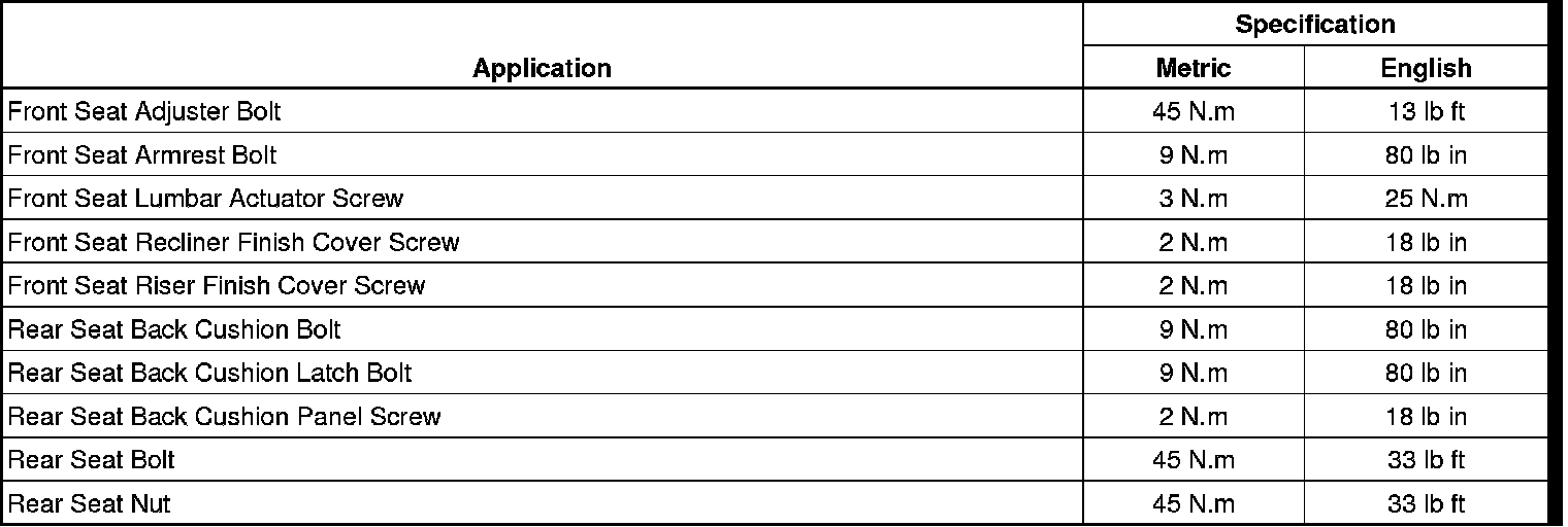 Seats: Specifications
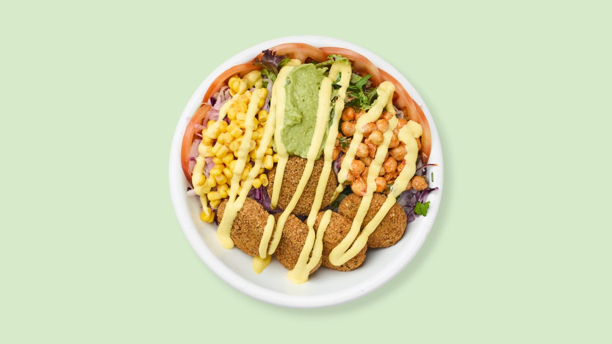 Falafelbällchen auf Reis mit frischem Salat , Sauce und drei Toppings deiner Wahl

========================================================================

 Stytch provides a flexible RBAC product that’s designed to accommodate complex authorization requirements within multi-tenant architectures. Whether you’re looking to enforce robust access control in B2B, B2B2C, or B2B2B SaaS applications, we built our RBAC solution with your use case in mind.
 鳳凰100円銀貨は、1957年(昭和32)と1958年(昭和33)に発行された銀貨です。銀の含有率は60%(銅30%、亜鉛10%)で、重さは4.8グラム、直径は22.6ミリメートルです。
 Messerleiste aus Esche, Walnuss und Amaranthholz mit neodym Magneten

========================================================================

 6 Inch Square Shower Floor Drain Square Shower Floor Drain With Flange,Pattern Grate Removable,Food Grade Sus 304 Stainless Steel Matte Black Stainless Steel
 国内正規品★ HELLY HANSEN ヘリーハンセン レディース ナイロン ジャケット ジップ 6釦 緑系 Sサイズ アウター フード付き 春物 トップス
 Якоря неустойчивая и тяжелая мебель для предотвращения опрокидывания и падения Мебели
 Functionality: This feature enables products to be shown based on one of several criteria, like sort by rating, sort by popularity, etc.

========================================================================

● **Your goal**
Would you transcribe the lines above exactly, going from the line bearing "Seats: Specifications" through the line bearing "Falafelbällchen auf Reis", and drop the pictures from the copy?

● **Problem solution**
 Seats: Specifications
 Falafelbällchen auf Reis mit frischem Salat , Sauce und drei Toppings deiner Wahl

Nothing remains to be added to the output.